Whitney lifted her chin, which had a smear
of chocolate on it. "It doesn't hurt. Look, I kept
you pure in all this by not telling you everything. You did your job
beautifully and you made good money doing it. What's your
problem?"

"The problem is you told me some
lies as well."

"Not really. I just left out a few
details here and there."

"What about Feeney's
alibi?"

Again, Whitney waited Tess out to see what
she knew, or had guessed. She picked up a third Milano, but was rattled
enough to eat it as a normal person would.

"Did Feeney really tell you that
he was with me that night, or was that your way of ensuring I would
take the job, because I'd be so worried about him
I'd want to protect him?"

"I did ask Feeney where he was
that night, and he did say he had been with you." But Whitney
could no longer make eye contact. In fact, she couldn't even
face Tess, shifting her body so it was a three-quarters turn away from
her. "He didn't remember what time he left you. In
fact, he doesn't remember much about that night at all. He
more or less blacked out. I knew if you thought he needed you as an
alibi, you'd be hooked. You've always had a soft
spot for him."

Tess saw Feeney walking north on Eutaw after
their last angry conversation. He had been furious with her, absolutely
enraged.

"What did you tell him? I mean,
you had to make sure that Feeney and I didn't compare notes,
right? How did you arrange that?"

Whitney's voice was almost
inaudible now. "I told him you were hard-up for cash and he
should keep his distance from you, because you had denied knowing him
to the bosses. I also told him you said you were keeping an open mind
about who had done it, and you wouldn't cut him any slack if
you thought he was the one. But he wasn't, so what was the
big deal?" She finished off her Scotch. "I think my
confession slate is clean now. Am I forgiven? Do you want to assign me
some form of penance?"

Tess felt dizzy, the way a child feels after
turning in endless circles, staring up at the sky. Bad enough to have
been used and manipulated by Lionel. But Whitney had been his willing
agent, playing friend against friend in order to get the Tokyo bureau.
It was one thing to use the elevator technique, quite another to have
taken everyone for a ride.

"Why did you call me tonight?

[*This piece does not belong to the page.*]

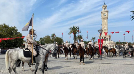 Zafer Yürüyüşü ile başlayan İzmir'in kurtuluşunun 101’inci yıl dönümü etkinliklerinde, süvari birlikleri İzmir Valiliği önünde temsili olarak İzmir’in kurtuluşunu canlandırdı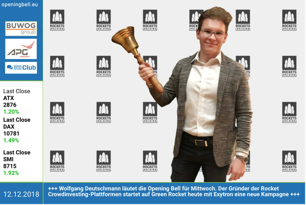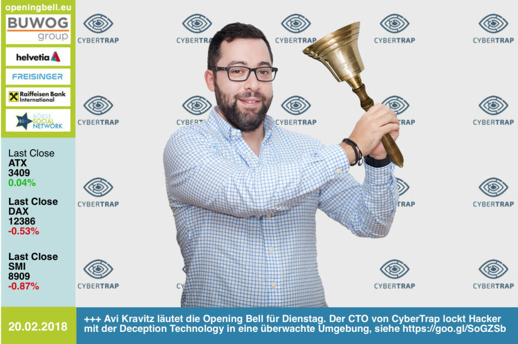 26.2.: Lukas Scherzenlehner läutet die Opening Bell für Dienstag. Am 18.März gibt er bei der Börse Social Network Roadshow #76 in Wien ein Update zu seiner seit 2017 gelisteten Cleen Energy http://www.cleen-energy.com https://www.facebook.com/groups/GeldanlageNetwork

You
could have handled this alone."

"Maybe I figured it was my last
window of opportunity between boyfriends. Or are you double-dipping
now, keeping the little boy at home while you let Sterling take you out
on the town?"

"You're
jealous."

"Of Sterling? No, losing to him at
squash was as far as I was willing to go to advance my career. Not that
he ever asked. But don't worry, Tesser, I'm sure
you'll have another date with him. You always have another
date. Me, I have my job. If I'm lucky, I'm going to
have a foreign assignment, then come back to an editing position. Very
few women run newspapers. I plan to be one of them."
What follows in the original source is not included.